Бабулина кухня в Тихолесово наполнялась тёплым запахом сладкой выпечки и майским воздухом с привкусом свежего сквозняка. Ветер за окном трепал лысые кусты шиповника под оградой и врывался через деревянную форточку, гоняя туда-сюда узорчатые полупрозрачные занавески. Цветочки на них немного пожелтели от времени. Всё здесь было родом из детства. С тех самых пор, как мне было три года, бабушкина кухня почти не изменилась. Светлая, небольшая, с деревянными стульями и застеленным клеёнчатой скатертью столом.
Здесь мне снова было десять лет, когда мы с бабушкой вместе читали книжки, лепили пельмени, пили чай с конфетами и болтали о всякой ерунде. Из этого окна она звала меня домой с улицы, и я, попрощавшись с подружками, бежала мыть руки сильно пахнущим хозяйственным мылом и садиться за стол, уставленный сочными котлетами и мятой картошкой.
— Ба, это что? — Я подвинула пальцем блюдце с белой жидкостью на подоконнике.
— А? — Моя Лидочка развернулась от плиты, поправляя прикрывающий бёдра кардиган. Это был её любимый предмет одежды наряду со всякими необычными очками. Кардиганов у неё было с пару десятков, но этот мне нравился особенно — чёрно-белый, полосатый, как шкурка зебры, с белой бахромой по нижнему краю. — А, Блажена, это домовой разыгрался. Стал подворовывать вещи кой-какие. То одно пропадёт, то другое... Когда вернёт, а когда и с концами захапает! Вот, задабриваю молоком.
В домовых, леших, русалок и всякую другую нечисть бабушка верила всерьёз — спорить с ней я не стала бы даже в самом плохом настроении. Мама иногда переживала, что странности бабушки — это звоночек о какой-нибудь старческой болезни, но она всегда такой была. Я оставила блюдце на подоконнике в покое.
— И что украл? — Поддерживая бабушкину легенду, надеялась избежать страшного вопроса.
— По мелочи. То носки мои вязаные — пол-то ещё холодный, земля не прогрелась, я в носках хожу. А он возьми, да и спрячь. Так три пары! То пульт от телевизора, а у меня как раз передача начиналась. А на днях шумовка пропала! Так пришлось новую покупать – до сих пор не отдал, а как я без шумовки?
— И чего же он так распоясался?
— Поди разбери, что ему не хватает. Дом в порядке — это он мне беспорядок делает. — Моя Лидочка отмывала тарелку от маленьких клейких кусочков теста, взглядом проверяя чайник на плите. — Представляешь, Мишка Елисеев пропал!
Я вспомнила курчавого мальчишку лет шестнадцати, который жил через пару домов от бабушки. Худой, бедовый, вечно ошивался с ребятами постарше у местного ларька. Он был весёлый, прыткий, с озорными глазами и языком без костей.
— Как пропал?
— Вот так: совсем пропал! С неделю назад пошёл на речку и не вернулся.
— Один пошёл? — Я удивилась, потому что редко видела Мишку без компании.
— Один. — Бабушка кивнула тарелкам в раковине, не поворачиваясь. — Не знаю, что с ним стало. Участковый искал-искал, да разве тут найдёшь… Женька с ног сбилась, а потом плюнула. Ясное дело.

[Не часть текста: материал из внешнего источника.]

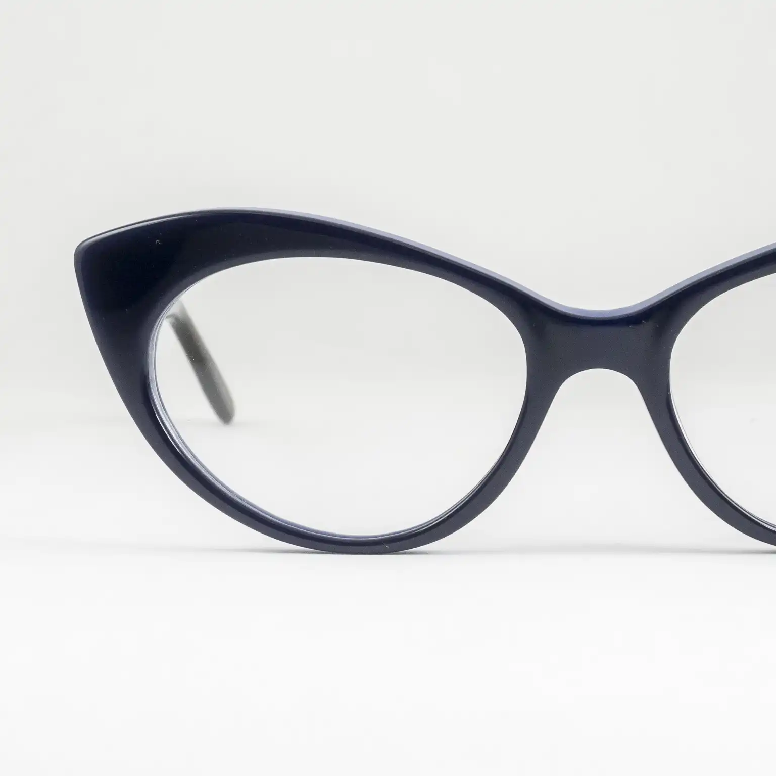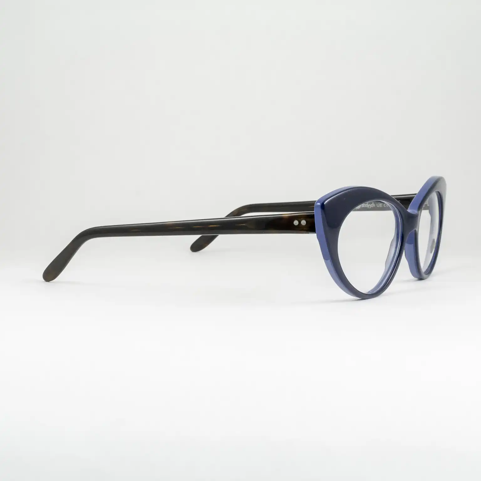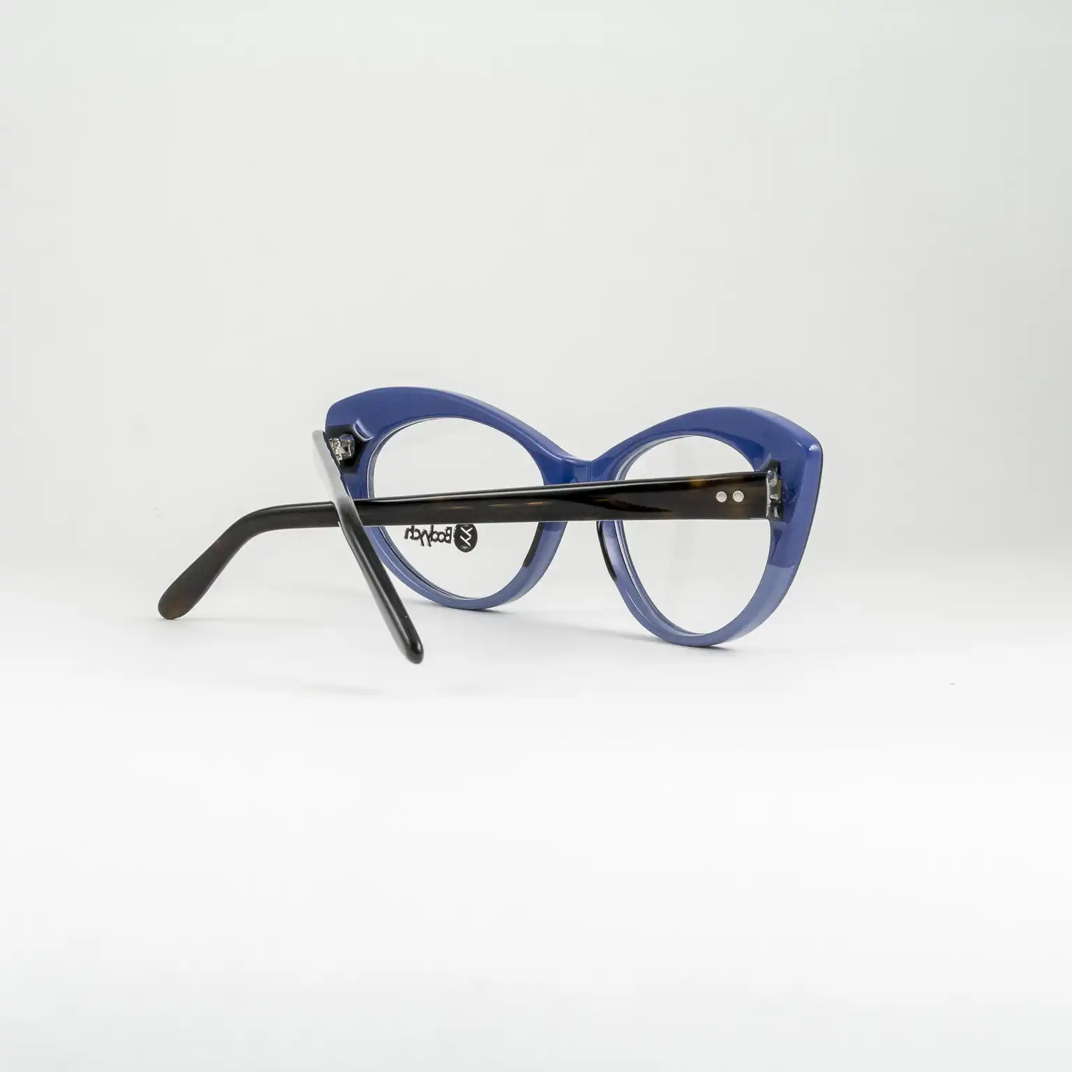 Oprawki damskie marki Bodyych. Niewielkie tarcze mocno wyciągnięte ku górze w kształt kociego oka. Front w kolorze granatowym, od wewnątrz podbity pastelowym niebieskim i błękitem. Zauszniki w ciemnym szylkrecie. Minimalistyczne, srebrne nity przy zawiasach. Oprawki ręcznie wykonane w Polsce.

Женькой бабушка пренебрежительно называла мать Мишки — женщину с опухшим от алкоголя лицом и красными пятнами на щеках, которую я за всю жизнь видела трезвой всего пару раз. У неё был ещё восьмилетний сын — младший брат Мишки — Егор. Оба мальчика были от разных отцов, хотя тётя Женя всегда жила одна, без мужчины.
— Может, в город сбежал?
— Очень надеюсь, Блаженочка, очень надеюсь.

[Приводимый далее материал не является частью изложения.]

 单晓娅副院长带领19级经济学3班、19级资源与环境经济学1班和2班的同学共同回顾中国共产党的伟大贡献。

Не сказать, что это было редкостью. Папин друг из полиции как-то рассказывал, что им каждый день приходят ориентировки на пропавших подростков — большинство из них сбегает из дома. Учитывая Мишкину ситуацию, я бы не удивилась, встретив однажды парня в городе.
Бабушка, наконец, закончила с посудой, стряхнула капли воды с рук в раковину, вытерла пальцы вафельным полотенцем, налила себе чёрный чай из заварника, смахнула каплю с носика, чтобы та не оставила след на скатерти, и плюхнулась на стул напротив. В свои шестьдесят семь она ходила на маникюр к молодой соседке и даже слегка подкрашивалась.